Algotherapy is the use of seaweed or seaweed extracts in health or beauty treatments. Seaweed baths were a common feature of seaside resorts in several southern and western locations at the end of the 19th century and the beginning of the 20th. The remains of some of these treatment centres are to be found at Victorian seaside resorts such as Kilkee, Co. Clare and Salthill, Co. Galway. The practice survives in some resort hotels in Co. Clare and in Co. Cork, but the only dedicated, fully-operational seaweed bath centre with the original fixtures and fittings is in Killala Bay at Enniscrone, Co. Sligo. This centre does most of its business during the summer months, offering seaweed baths in seawater using steamed serrated wrack - Fucus serratus - freshly collected from the shore nearby. It has a considerable number of regular customers that firmly believe in regular seaweed baths as a palliative for arthritis, rheumatism and other aches and pains. There is little doubt that there is a restorative effect but the precise nature of the active agent or agents is unknown. Seaweed Baths are becoming increasingly popular in Ireland.

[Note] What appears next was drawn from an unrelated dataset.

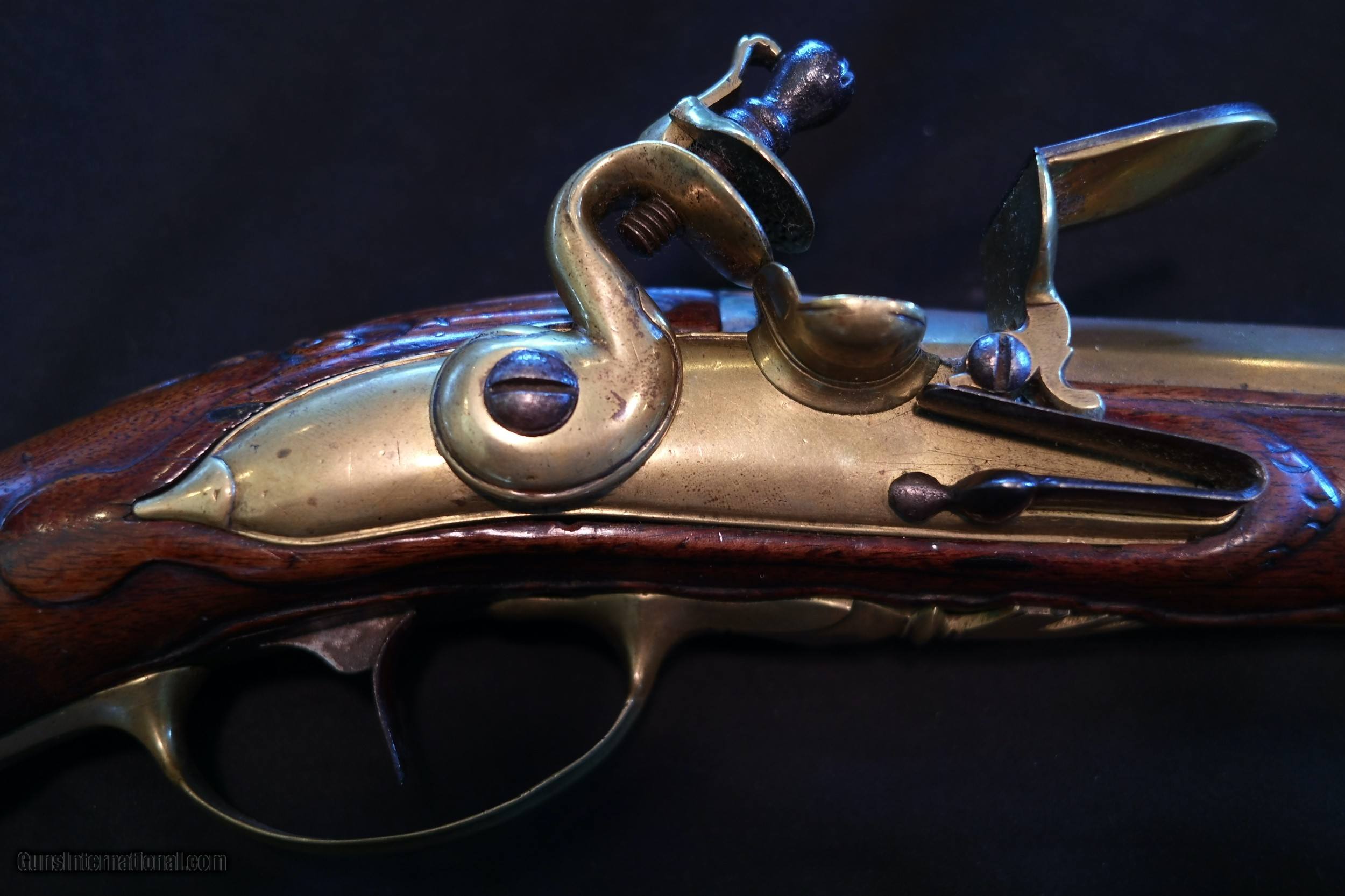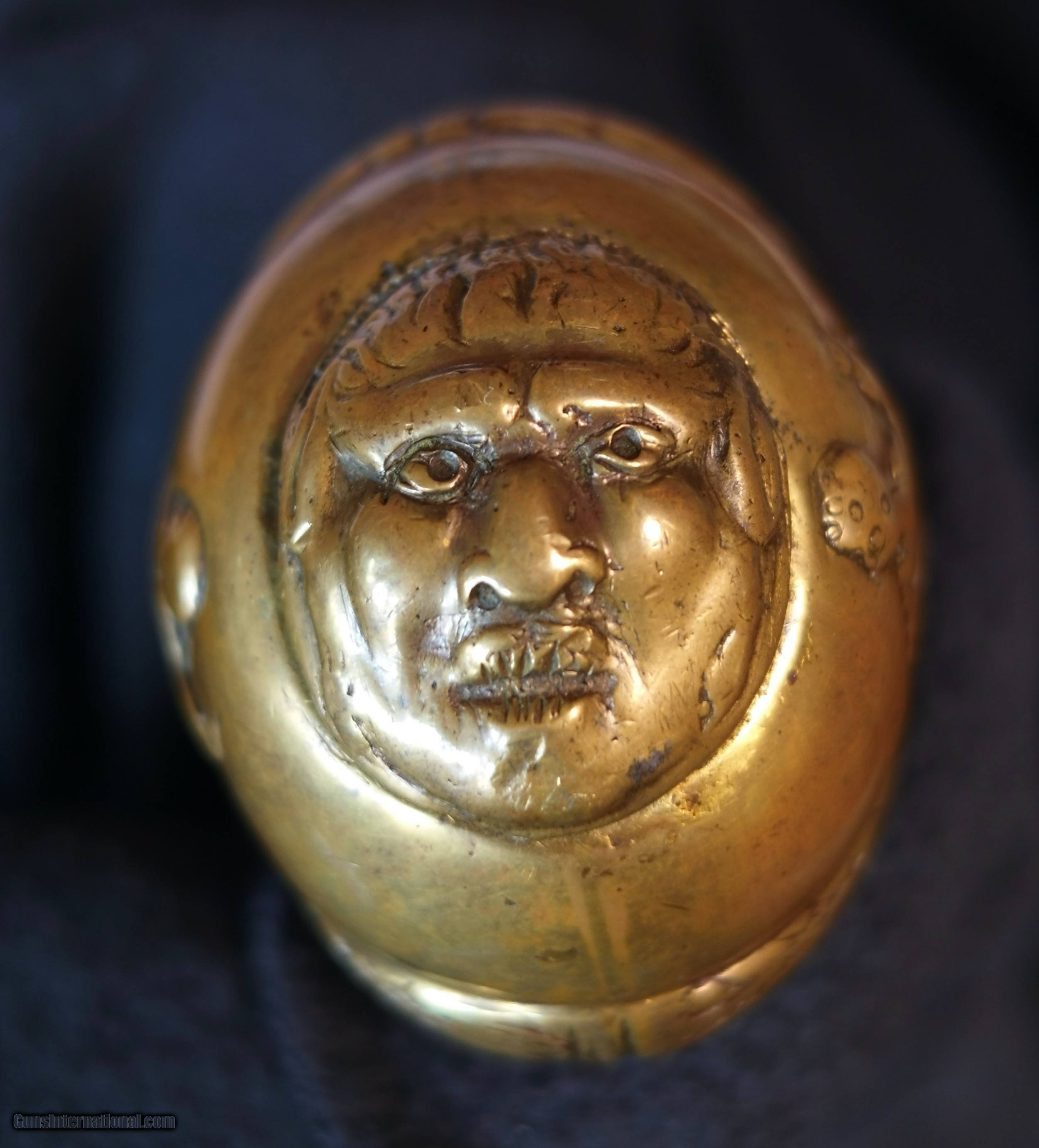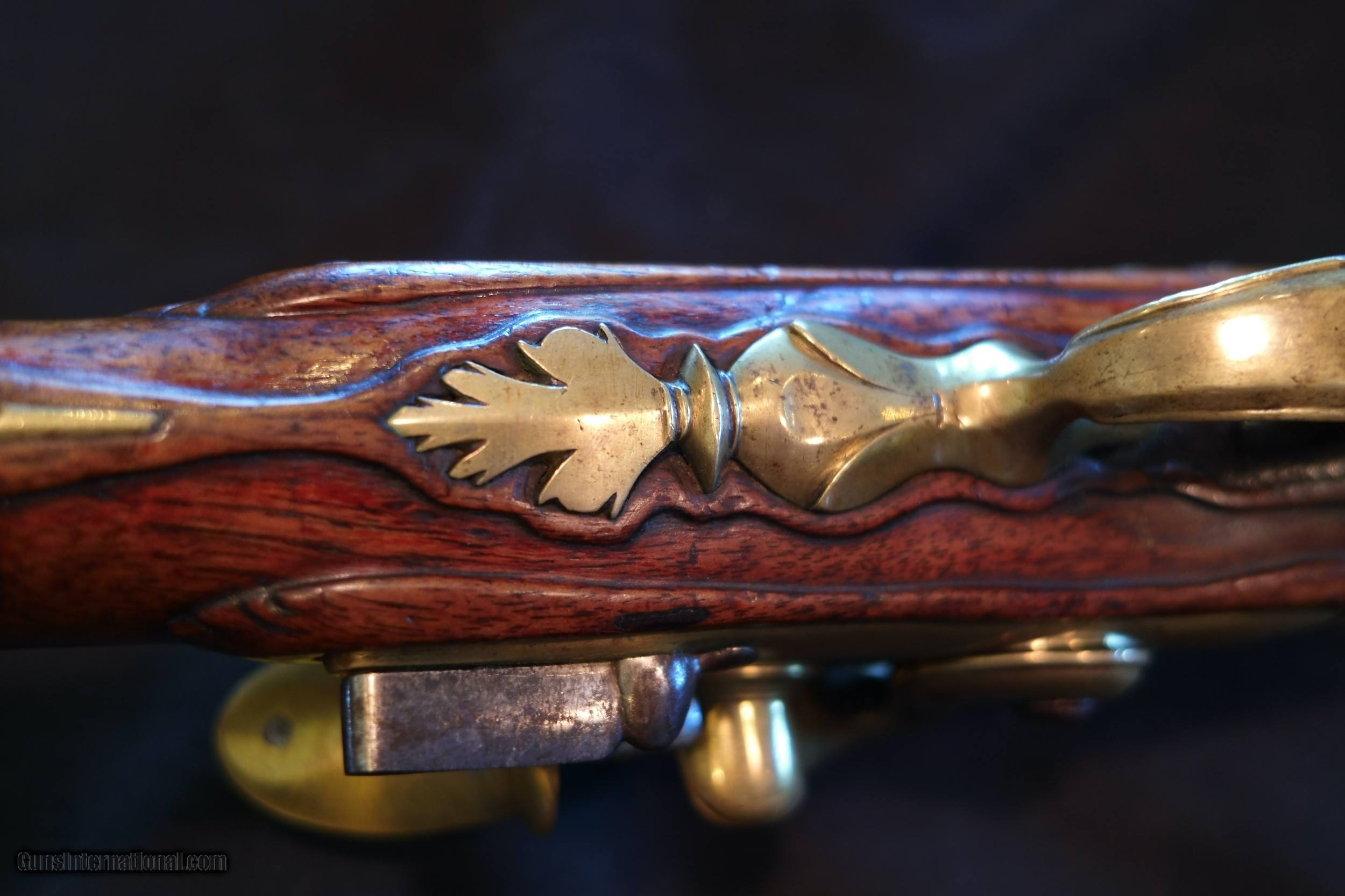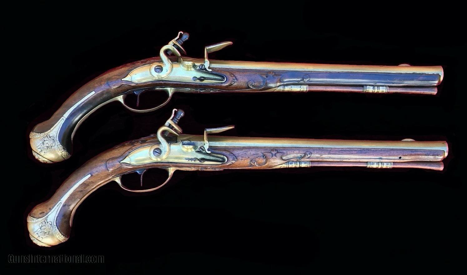 Description: Circa late 17th / early 18th Century pair of exceptionally large and well made smooth-bore holster pistols. Unmarked - most likely Dutch. 21 inches overall with 13 1/2" barrels. All brass locks with very unusual brass frizzens - with steel stike plates. Decorative brass furniture includes fine long-eared butt caps with grotesque masks and very large brass trigger guards. Intricate opend-worked brass side plates, Original? wood ramrods secured with decorated brass throat piece and pipes. SOLD Curio/Relic: Yes Antique: Yes Handgun Caliber: .61 Wood Condition: Excellent - original Bore Condition: clean Barrels: Brass |

That seaweed and seaweed extracts are good for the skin is beyond dispute according to cosmeticians and beauticians. Again, one can only assume that alginates, carrageenans and agars, found in large quantities in many seaweeds, have a beneficial effect in combination with warm seawater; however, it is probable that there are other constituents of seaweeds that have restorative powers. An Irish company is producing a seaweed powder (made mainly from Ascophyllum nodosum) for the cosmetic and algotherapy market, and another is producing a number of dedicated bodycare products containing seaweed extracts.

It seems likely that the market for algotherapy will expand and that this could be a very attractive area for niche companies to exploit. In France, the seaweed equivalent of "le health-farm weekend" is available where you can go to have your skin cleansed of the grime and grit of 20th-century living. The health-conscious are prepared to pay dearly for these courses of "algotherapy" or "thalassotherapy" and the attendant pampering of the mind and body. Style and location is essential in these operations: the surroundings must be well-designed and the staff exceptionally well trained. The customers expect quality and are prepared to pay dearly for it.

A number of compounds extracted from seaweeds are thought to be of value in various cosmetic applications and some are now becoming commercially important.